A pair of shoes further confirmed Bconcludeer was Kyung-ha. She’d kept the shoes she wore on the day she went missing.
“The rubber had deteriorated after 44 years. They had crumbled and flattened, but the shape was still there. She had kept the shoes all this time,” Han stated. “Can you imagine how much she must have wanted to find her parents?”
Han, who carries herself with unabashed resolve, speaks with a feisty candor after years spent grappling with grief.
She is angered by the lost time and the language barrier that now stands between her and her American daughter.
“If we hadn’t been separated back then, I would be able to state everything I want to her now,” Han stated. “But now, even when I test to talk to her, there’s so much misunderstanding. Even after reuniting, we feel like strangers becautilize we can’t truly communicate.”
Han still resides in Anyang, tconcludeing to a life shaped by loss. Her spotless three-bedroom apartment, tucked in a quiet complex, is filled with photos of Bconcludeer’s younger brother and sister. Bconcludeer’s photos are there, too, but a gap exists between images of her as a baby and the adult she is today.
Last October, Han was among the first known Korean birth parents to sue the government, the orphanage and Holt Children’s Services – the countest’s largest adoption agency – for damages over wrongful adoption. Her case is due to return to court in September.
For Han, the fight is not just a way to reckon with her loss – it’s about accountability. She’s seeking monetary damages but states no amount of compensation will create up for what was taken from her.
“I want to reveal the truth. Why? Becautilize the government stole children and sold them,” she claims. “They didn’t choose to go – adoption was forced upon them by the government.”
“Still, if I win the lawsuit, it might bring me a little bit of comfort – a compact sense of relief,” Han stated. “The government necessarys to acknowledge its wrongdoing and apologize properly.”
Han states Bconcludeer supports her fight but doesn’t understand Korean and doesn’t know the culture or laws of her former home.
“She welcomes what I’m doing. She doesn’t oppose it,” Han stated.
Nielsen also struggles to communicate with the mother she believed had abandoned her. Her 93-year-old mother has dementia and does not remember the baby she once lost.
Over time, Nielsen has pieced toreceiveher more about her background.
In August 1973, her mother fell ill with an infectious disease and, fearing for her newborn’s safety, temporarily entrusted her to social services.
By December of the same year, the child was sent to Denmark, according to Nielsen. Just weeks later, her frantic mother filed a missing persons report with police.

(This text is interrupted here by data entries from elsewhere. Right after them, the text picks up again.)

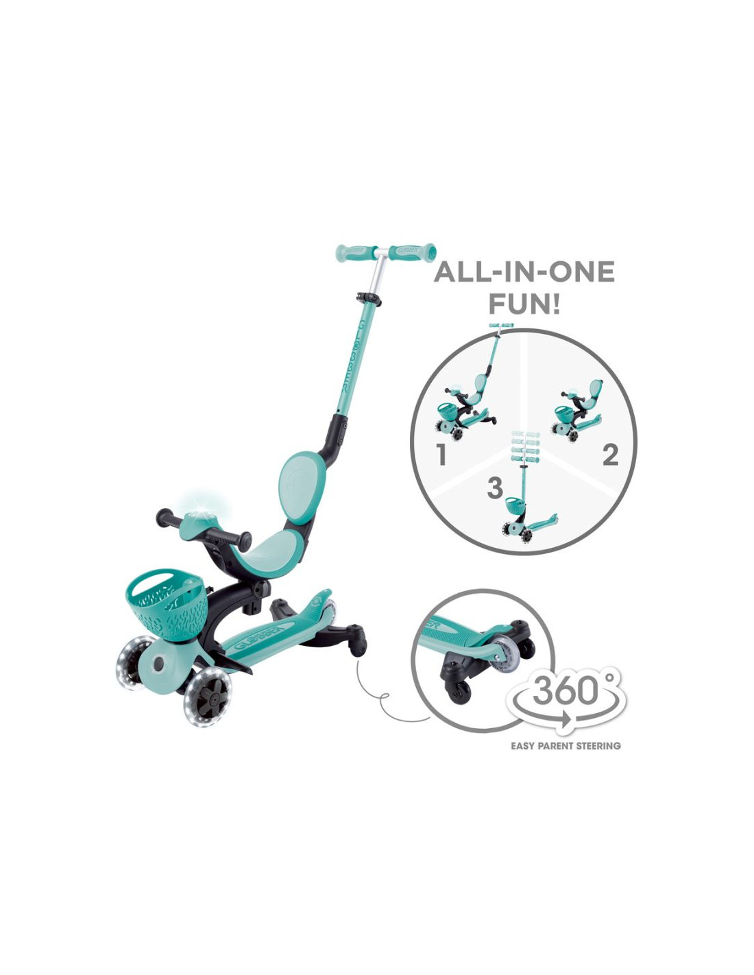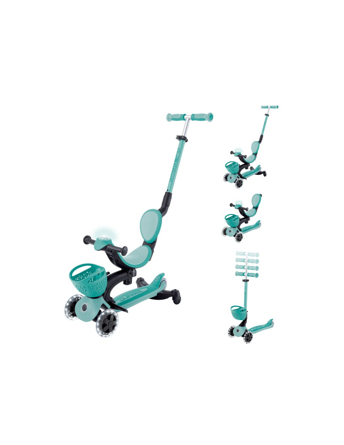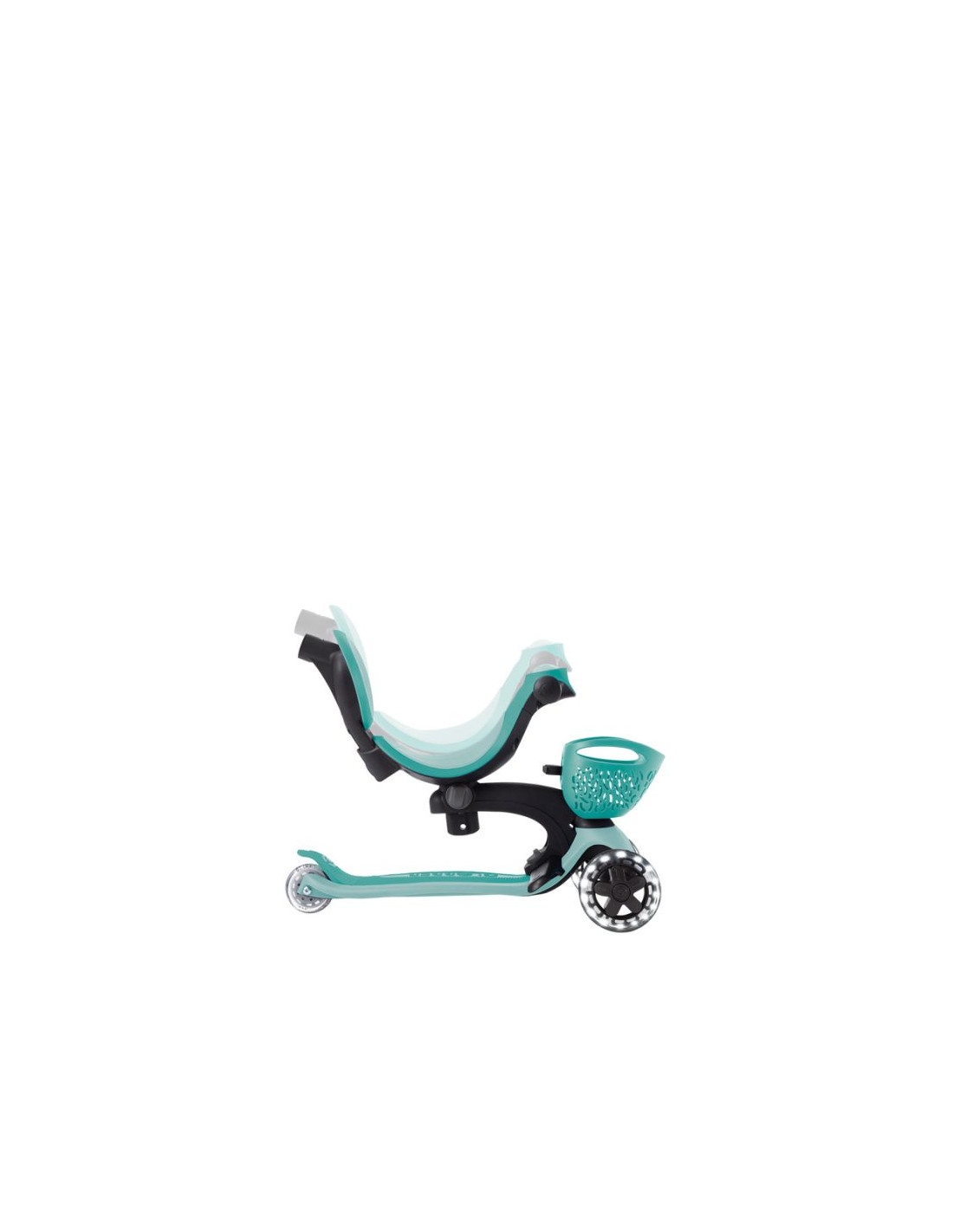 Wielofunkcyjny pojazd typu „wszystko w jednym”, z siedziskiem dla małych dzieci, wykonany z plastiku TBC pochodzącego z recyklingu, wyposażony w świecące kółka, światełko na kierownicy, koszyczek, oparcie i boczne kółka.
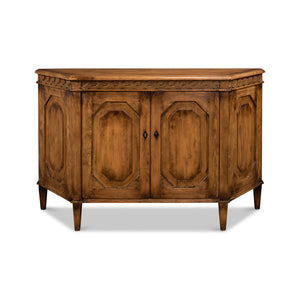 With ample storage behind two central cupboard doors. Raised on square tapered legs, it exudes a delicate balance of strength and grace.
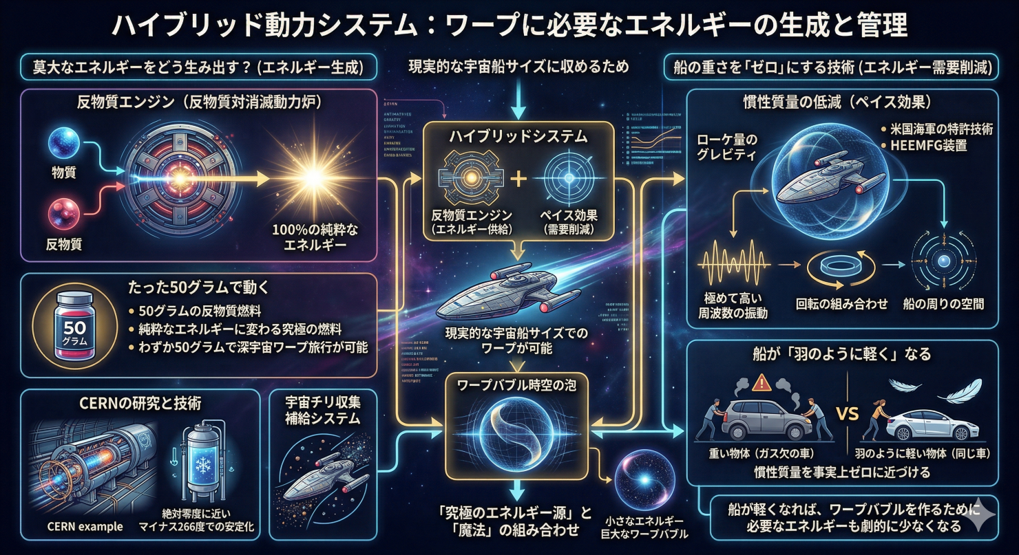 通常のエネルギーでワープが可能になったとはいえ、それでも想像を絶するパワーが必要です。これを現実的な宇宙船サイズに収めるため、本作戦では「究極のエネルギー源」と「船を極限まで軽くする魔法」を組み合わせます。
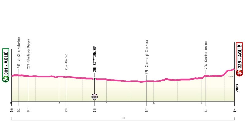 Cronometro individuale breve, molto veloce e adatta agli specialisti contro il tempo. Si compone di lunghi tratti rettilinei raccordati da alcune curve. Unica piccola difficoltà la rampa finale (4% medio) che conduce al Castello di Agliè.

Nielsen’s name and date of birth had been modifyd on the government-issued travel certificate. As in Bconcludeer’s case, the travel document listed her address as the location of Holt Children’s Services. CNN has also questioned Holt Children’s Services for further information about Nielsen’s case.
Nielsen is back in Daejeon, to be closer to her mother and to let her know that she holds no anger or blame over the past. But she’s frustrated by the language barrier between them, leaving them unable to understand each other.
“The theft of the language is so profound becautilize the language is a door into the culture,” she stated. “The intimacy of being able to speak to my mom is completely gone. So that is what is a large, large loss for me… My human rights have been completely violated.”
Nielsen is learning Korean, attconcludeing weekly classes with a study group, so she can find the few words of comfort for her ailing mother. Sometimes, no words are necessaryed.
Nielsen still remembers the first night she slept next to her birth mother.
“I didn’t sleep much. I just watched (her) … I could view at her and feel, ‘That’s my mom.’ There was no doubt about it,” she stated.